I went for the week-end to Rickmansworth, to stay with Lady Encombe, who had a little party for the laying of the foundation-stone of the new church of the Assumptionists. The Bishop of Kimberley (S.A.) gave a nice address. I preached next day (Sunday) in the old church, and in the evening we all listened to a quaint Franco-English sermonette from good Fr. Julian, the superior. Monday was Jack Encombe's tenth birthday: I gave him Jorrocks, with coloured plates, which delighted him; saw him and his brother start hunting on their ponies (their mother following them awheel); and then left for Arundel, where I was very glad to find myself (though not yet fully robust) able to take my share in the solemn Easter services. I found the castle grounds at length "redd up" and in perfect order; the hordes of workmen vanished, and lawns and terraces and shrubberies and flower-beds twinkling in the April sunshine. It was a joy to see the beautiful home of the Howards looking itself again after all these years of reconstruction and upheaval. The Duke had told me that he was determined to get the place shipshape within a year of his second marriage, or (like Trelawny) "know the reason why!" and he had been as good as his word. I heard with pleasure in Easter week that my nephew had got his first in moderations at Balliol; and with sorrow of the death of my kind old friend Bishop Wilkinson, successor of St. Cuthbert as Bishop of Hexham, and a shining example of loyalty and devotion to his Church and his country. I lunched in London, on my way to Oxford, with Lady Maple, at Clarence House, the pretty residence in Regent's Park left to her by Sir Blundell Maple. Telephoning previously to "Clarence House" to inquire the luncheon-hour, I was informed in haughty tones that "their Royal 'Ighnesses were in Egypt, and that nothing was known about any luncheon!" It turned out that I was in communication with the other Clarence House, the St. James's residence of the Duke of Connaught.

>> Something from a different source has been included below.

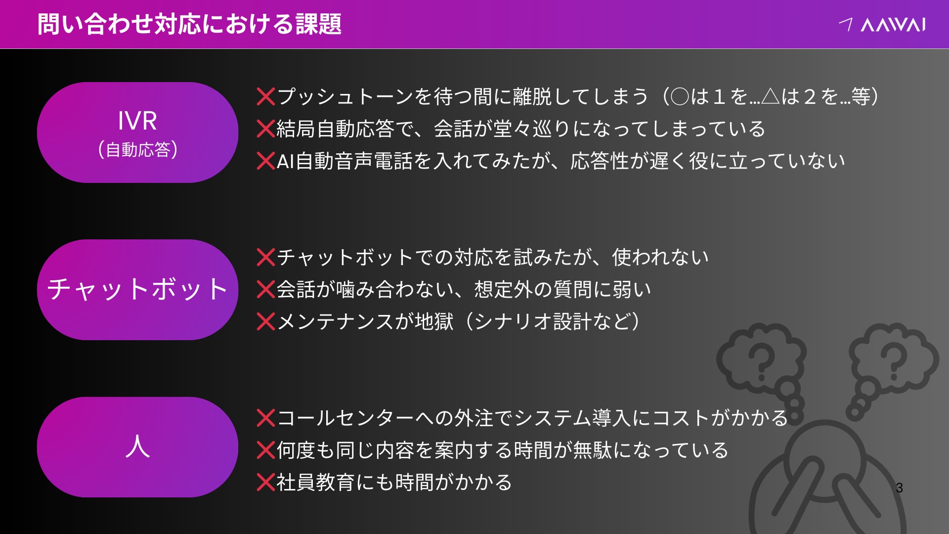 AAWAIはこの常識に対し、電話業務そのものをAIが担う「AIコール」という新しい解決策を提供します。

My first duty, on returning to Oxford, was to marry my cousin John Simeon,[[3]] until recently an undergraduate of the House, to Miss Adelaide Holmes à Court. My little sermon at the Jesuit church (which was almost filled with the wedding guests) was not intended to be otherwise than cheerful, and I was surprised in the course of it to observe the unusual phenomenon of the bridegroom's father dissolved in tears! The happy couple motored off later to North Wales in a downpour of rain, which (I heard) never once stopped during their brief honeymoon.